In further similarity, each is described as “innate-like” due to an ability to rapidly respond to innate stimulation – that is, they respond to the inflammatory cytokines that result from innate stimuli. However, for each cell subset the specific requirements of initial priming, and in particular whether this priming can occur without any peripheral TCR stimulation, is still a matter of debate within their respective fields. While earlier literature suggested that these cells respond rapidly because they are able to respond to cytokine alone, other work shows that these cells require TCR interactions (48), and for iNKT at least this requirement can be met by self-antigens under inflammatory conditions to allow more rapid responses (40–42). More recent evidence suggests that these requirements may differ under varying circumstances (43). Herein, we make an argument that conventional αβ T cells can also respond rapidly to inflammatory cytokines in an innate-like manner once they have been primed. The parallels between these responses and their mechanisms suggest that a conservation of these stimulatory mechanisms between conventional and innate-like T cells, and highlight the need for a better understanding of the activation requirements of non-conventional T cells.

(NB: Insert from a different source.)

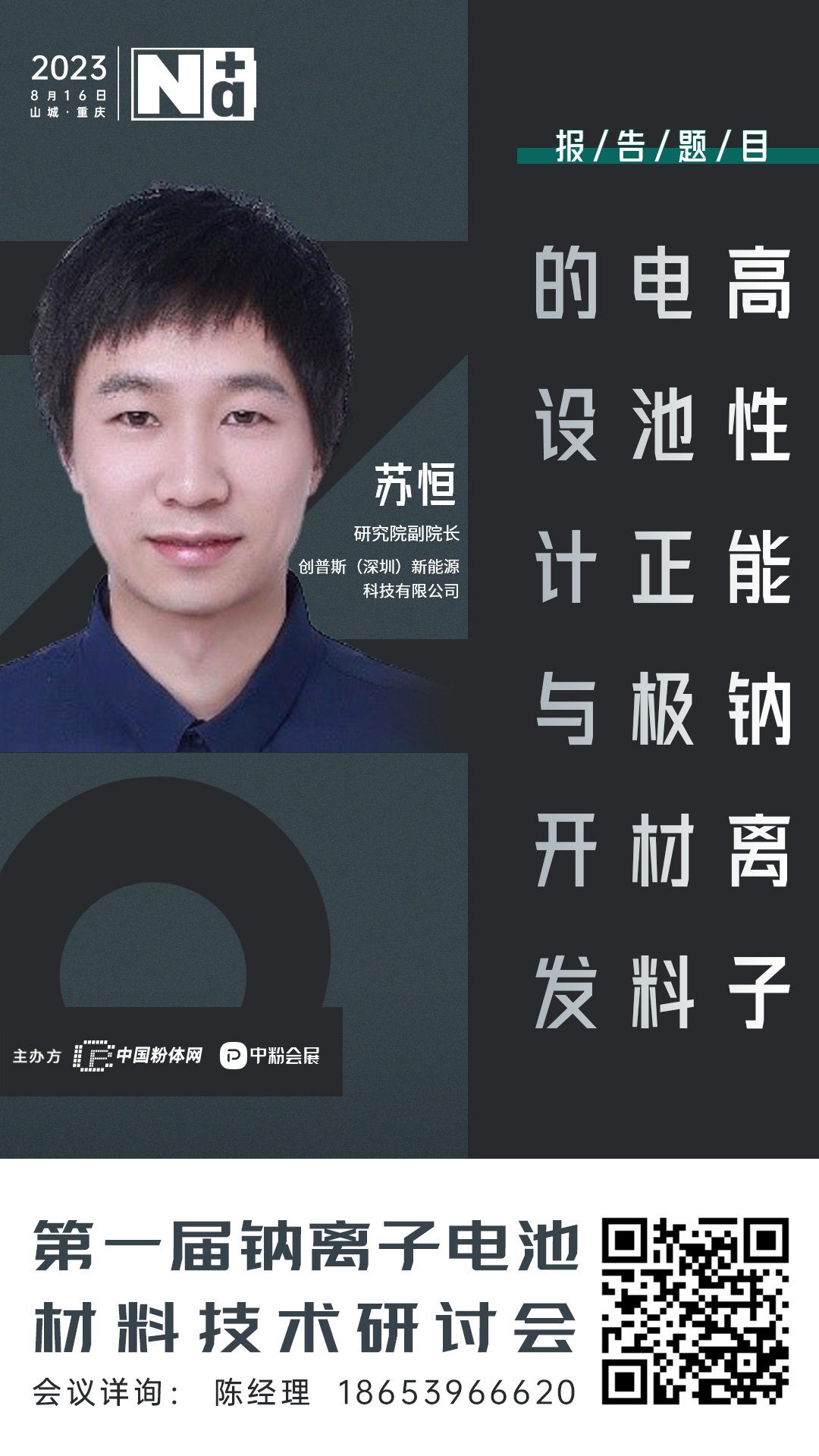 2023年8月,中國粉體網(wǎng)將在山城重慶舉辦“2023先進(jìn)正極材料技術(shù)與產(chǎn)業(yè)高峰論壇暨第一屆鈉離子電池材料技術(shù)研討會(huì)”。我們有幸邀請到創(chuàng)普斯(深圳)新能源科技有限公司鈉電研究院的蘇恒副院長為我們帶來題為《高性能鈉離子電池正極材料的設(shè)計(jì)與開發(fā)》的報(bào)告。

A Complicated Relationship: The Dynamic Interactions of Salmonella and Th1 Cells

Salmonella: A Persistent Global Challenge

While many bacteria live and replicate extracellularly, entering the host cell only when engulfed and destroyed by phagocytes, some bacteria have adapted unique survival strategies to allow a protected life cycle within host cells. Some of these bacteria are obligate intracellular pathogens, like Chlamydia, that cannot replicate outside of the cell, but many intracellular bacteria are capable of occupying either space. The immune system has, in turn, developed a number of ways to recognize pathogens within cells, pathways which the pathogen actively attempts to thwart (49).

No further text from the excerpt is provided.